I've been trying for about a full day now to do a simple merge between a feature and develop.
Basically all I want is to be able to manually merge all the conflicts of feature into develop, so that I can get the new feature without destroying develop.
Here are the things I've tried so far
git checkout develop; git merge feature
git checkout feature; git merge -s ours develop
git checkout feature; git merge -s recursive -X ours develop
git checkout develop; git merge -s recursive -X theirs feature
git checkout develop; git merge -s recursive -X theirs feature
git checkout feature; git merge -s resolve develop
In all these cases either branch almost completely overrides the other. I am not given the chance to manually merge conflicts inside files.

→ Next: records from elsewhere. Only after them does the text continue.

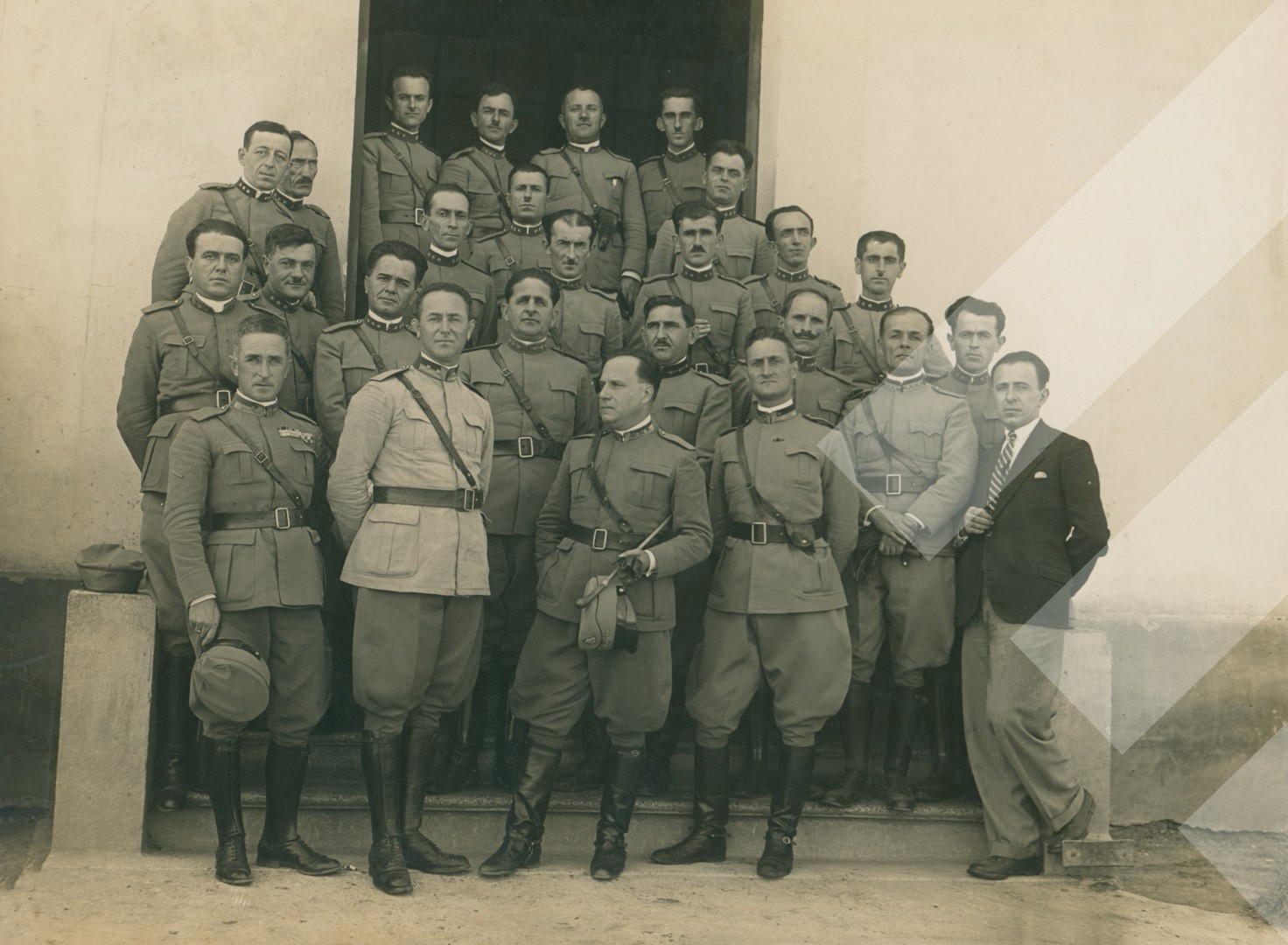 Kol Maca, 1931, Një grup oficerësh para shkollës së Perfeksionimit të Oficerëve në Tiranë. Në qendër Kapiten Ali Erebara, print në letër, 17 x 23 cm.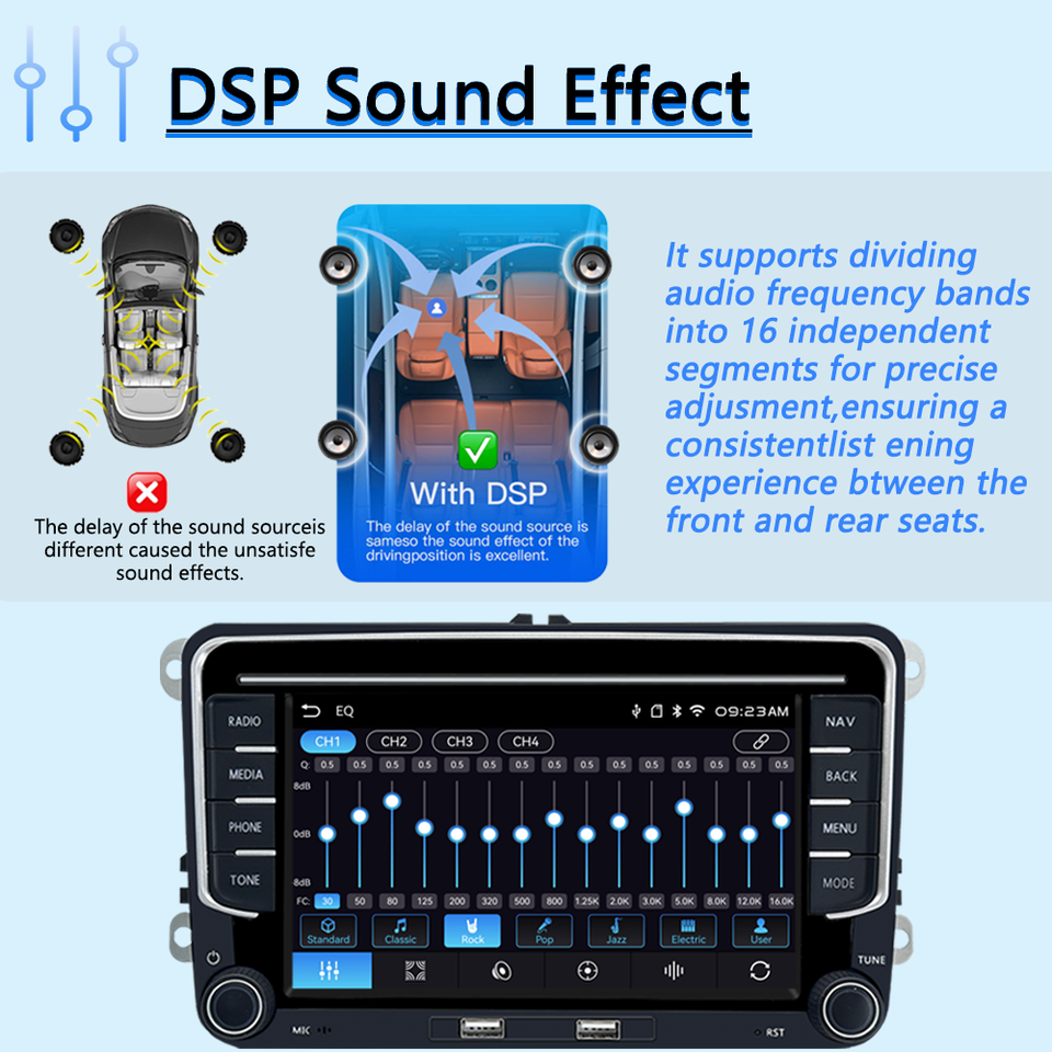 GPS, DSP, CarPlay, Lien de miroir, Android auto, Volant de voiture de Contrôle, Microphone intégré, Hi-Res Audio, Haut-parleur intégréFonction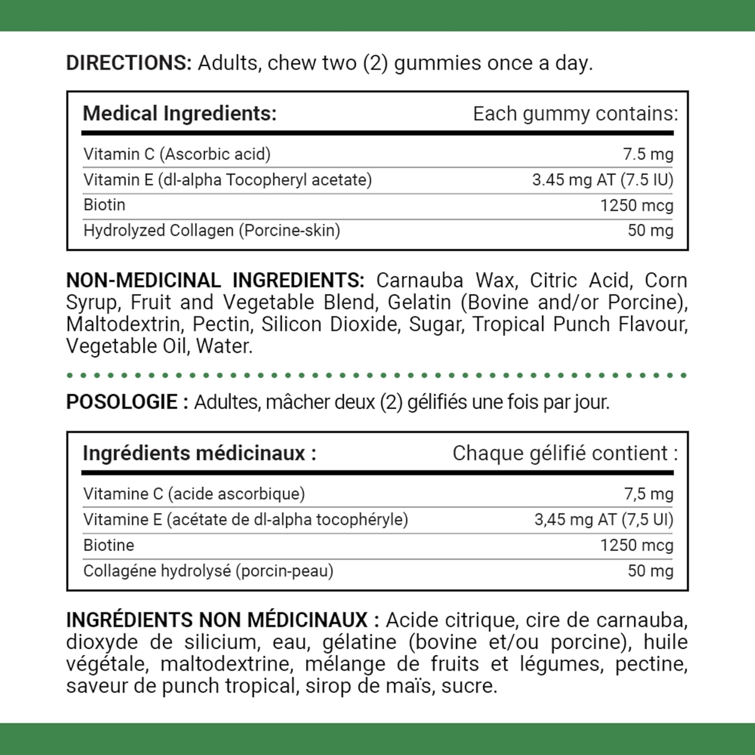 40多年来,NATURE'S BOUNTY 一直以您为中心,研发维生素和营养补充剂。您服用维生素是因为想帮助身体保持最佳状态——那么,何必只选择普通的维生素品牌呢?今天就来试试 NATURE'S BOUNTY 吧!NATURE'S BOUNTY 护发、护肤、护甲胶原蛋白软糖有助于维持头发和皮肤的健康,并支持指甲健康。它有助于骨骼、软骨、牙齿和牙龈的发育和维护,并促进结缔组织的形成。此外,它还有助于伤口愈合和免疫功能的维持。它提供的抗氧化剂有助于防止自由基对细胞造成的损伤,并有助于维护黏膜健康。这些热带风味的软糖易于服用,含有 7.5 毫克维生素 C、3.45 毫克维生素 E、1250 微克生物素和 50 毫克水解胶原蛋白。成人每日一次,每次咀嚼两 (2) 粒软糖。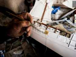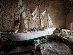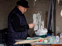 Se andate a visitare i resti della chiesa di Santa Maria del Buonconsiglio, a Bari Vecchia, noterete che al centro della parete in pietra che affianca le colonne del tempio si trova una porticina di color arancione. Quello è l’ingresso di un piccolo locale dove da 45 anni a questa parte il 70enne signor Bartolomeo Scorcia, detto “Meuccio”, costruisce bellissimi modellini di navi (foto di Valentina Rosati)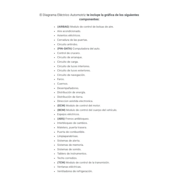 El Diagrama Eléctrico Automotriz te incluye la gráfica de los siguientes componentes:

git checkout feature; git rebase develop
mergetool is called for some files, but differences in one file are not recognized. It should be noted that this file was previously merged into develop a while ago. Files which were deleted in develop are still present in feature but with an 'orig' extension. This is the closest I've come so far to syncing both branches, but at the price of not being able to easily where the feature branches off anymore.
git checkout develop; git rebase feature
gives a bunch of options to delete or keep files and then results in error: file not found Continue merging other unresolved paths (y/n) ? y
I havent tried cherrypicking or orphaning trees yet. Perhaps the solution lies there?
Is it possible that I deleted some files and recreated them and thats why git is not even trying to combine branches?
Do I need to do manual merge every time I add a new feature? It seems difficult to do Git - how to force merge conflict and manual merge on selected file
I know I messed up somewhere, but I cant figure out where or what I'm doing wrong. I could just manually edit all the files that are not changed, but that would defeat the purpose of using git.
Where did I go wrong? How do I resolve this situation (without manually editing files)? And what should I do differently next time?
P.S. To whoever is new to git and experiencing similar troubles in learning how to use transformative features like merge and rebase
git reflog feature-name
and git reset --hard feature-name@{n}
are invaluable commands. (always use --hard with supreme caution as it discards local changes)
EDIT: While I still dont know why this happened VonC offered a good stop-gap solution.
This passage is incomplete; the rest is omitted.